How a reading is cast
A Mei Hua reading derives two trigrams (three-line symbols) and stacks them into a six-line hexagram. The lower trigram often represents the situation itself, while the upper represents the conditions acting on it. Each line is either solid (yang) or broken (yin).
The casting can use numbers, the time of asking, or another observed value. From the inputs the method computes the primary hexagram, a changing line, and a transformed hexagram. The reading interprets the relationship between the situation trigram and the influence trigram using the five elements.
Ti and Yong: self and influence
Central to Mei Hua is the distinction between Ti (体, the body — the questioner or the core of the matter) and Yong (用, the function — the external conditions or action). The element of Ti compared to the element of Yong tells you whether the moment supports your aim.
When Ti's element generates Yong's, energy flows outward — effort is required but progress is possible. When Yong generates Ti, support comes to you. When they clash, there is friction to navigate. The reading turns these relationships into plain, actionable reflection.
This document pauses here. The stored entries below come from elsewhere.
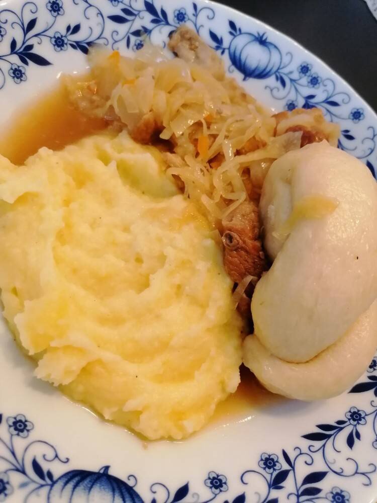 #традиции #Eggebek #Эггебек Это из старой семейной копилки. Его готовили в каждой семье российских немцев от Поволжья до Азии. Но в каждой семье по разному, по своему. Но и на севере Германии это блюдо очень распространённое. Только готовят опять же немного по иному, квашеную капусту тушат на яблочном или ананасовом соке с добавлением бекона. Подают также с картофельным пюре и отдельно подают выдержанное в рассоле и слегка закопченное мясо свинины, это может быть вырезка спиная, из шеи, лопатки, рёбра или брюшина а так же копчёные мясные колбаски. Ингредиенты: средняя свиная рулька, средние луковицы, свежей белокочанной капусты (можно и не добавлять), квашеной капусты, Соль, перец, лавровый лист, Для пампушек, сухих дрожжей, молока тёплого, сахара, соли, Муки сколько возьмёт тесто Способ приготовления: Первым делом приготовим тесто для пампушек. Из выше стоящих ингредиентов замесить мягкое тесто укрыть и убрать в тёплое место для подхода. Теперь займёмся рулькой, мясо срезать с кости (
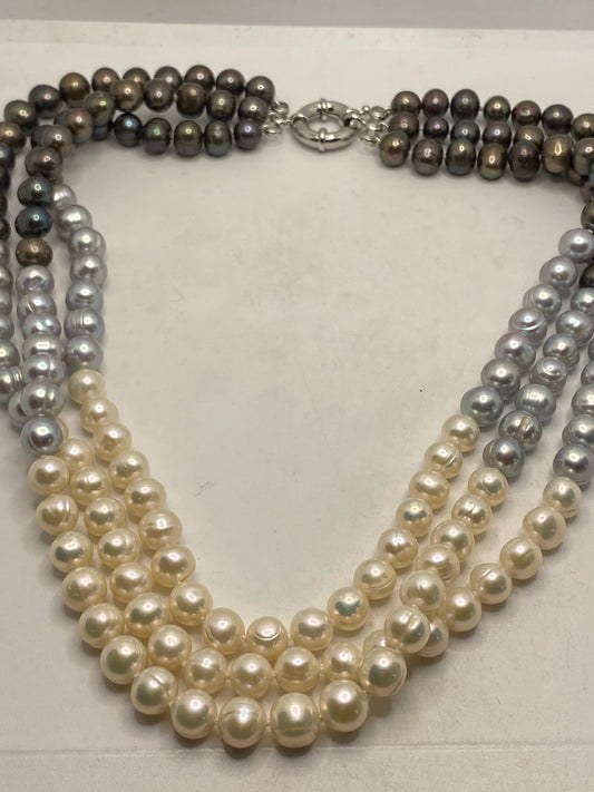 Vintage Hand Knotted Grey Cream Pearl Triple 18 in Necklace
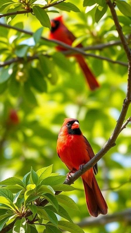 The male boasts a bright red body contrasted with a black mask around the face, while females display a softer, reddish-brown hue. Cardinals are known for their melodic songs, which can often be heard echoing through backyards and woodlands.
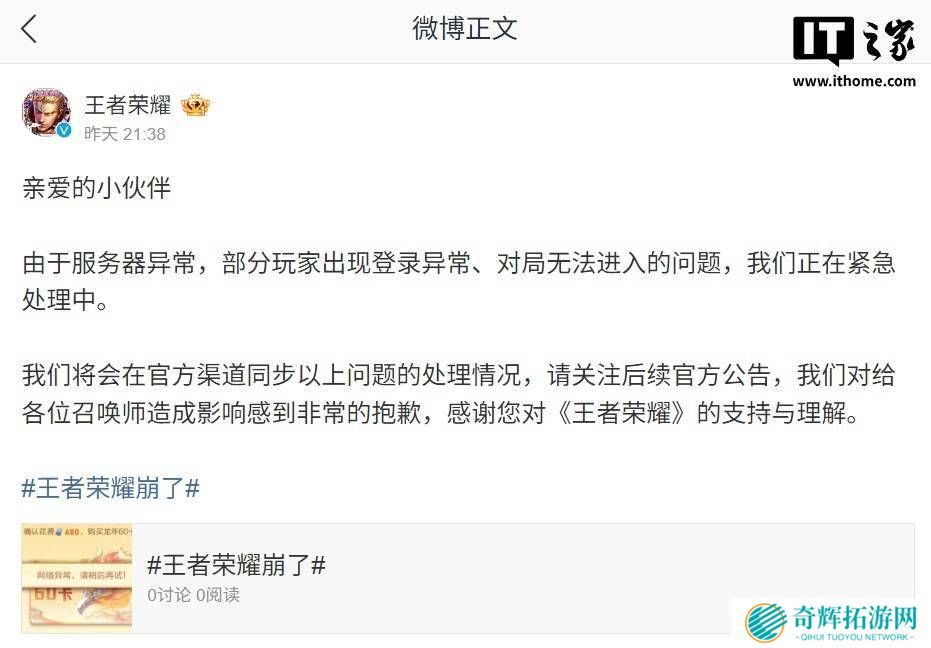 进入深夜,官方再次通过微博发布公告,表示已经成功修复了由网络异常引起的登录和对局异常等问题。他们表示,目前正在陆续开放各个服务器,但部分服务器可能仍会显示为维护中,建议玩家稍作等待。
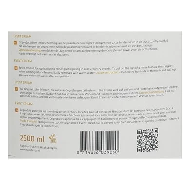 Een dekkende laag event-cream aanbrengen op de voorzijde van zowel voor- als achterbenen. Na de wedstrijd met warm water afwassen.
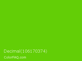 Decimal 106170374 Color is a normal green color and the nearest color is Lima #76bd17. Hex code #63ce06 and RGB value is rgb(99,206,6). In RGB color space, this color is composed of 39% red, 81% green, 2% blue, In CMYK color space, this color is composed of 52% cyan, 0% magenta, 97% yellow , 19% black , In HSL color space, this color has a hue angle of 92° , 94% saturation and 42% lightness.

Ask once, reflect honestly
Mei Hua works best for a clear, sincere question about a real choice you face — not a wish, not a repeated re-roll hoping for a better answer. The method respects the specificity of the moment you ask.
As with everything in this tradition, the hexagram offers perspective and framing, not a command. It is a tool for thinking about your situation from a fresh angle, never a substitute for your own judgment or for professional advice.
Frequently asked questions
What is the difference between Mei Hua and the I Ching coin method?
Both produce a hexagram from the 64 of the Yi Jing. The classic coin or yarrow method casts lines by chance; Mei Hua derives the trigrams from a number, the time, or an observed value, and reads the relationship between the Ti (situation) and Yong (influence) trigrams using the five elements.
Can I ask the same question twice?
Tradition advises against re-asking the same question hoping for a different result. Mei Hua reads the moment the question is first sincerely asked; a fresh answer is best sought only when the situation has genuinely changed.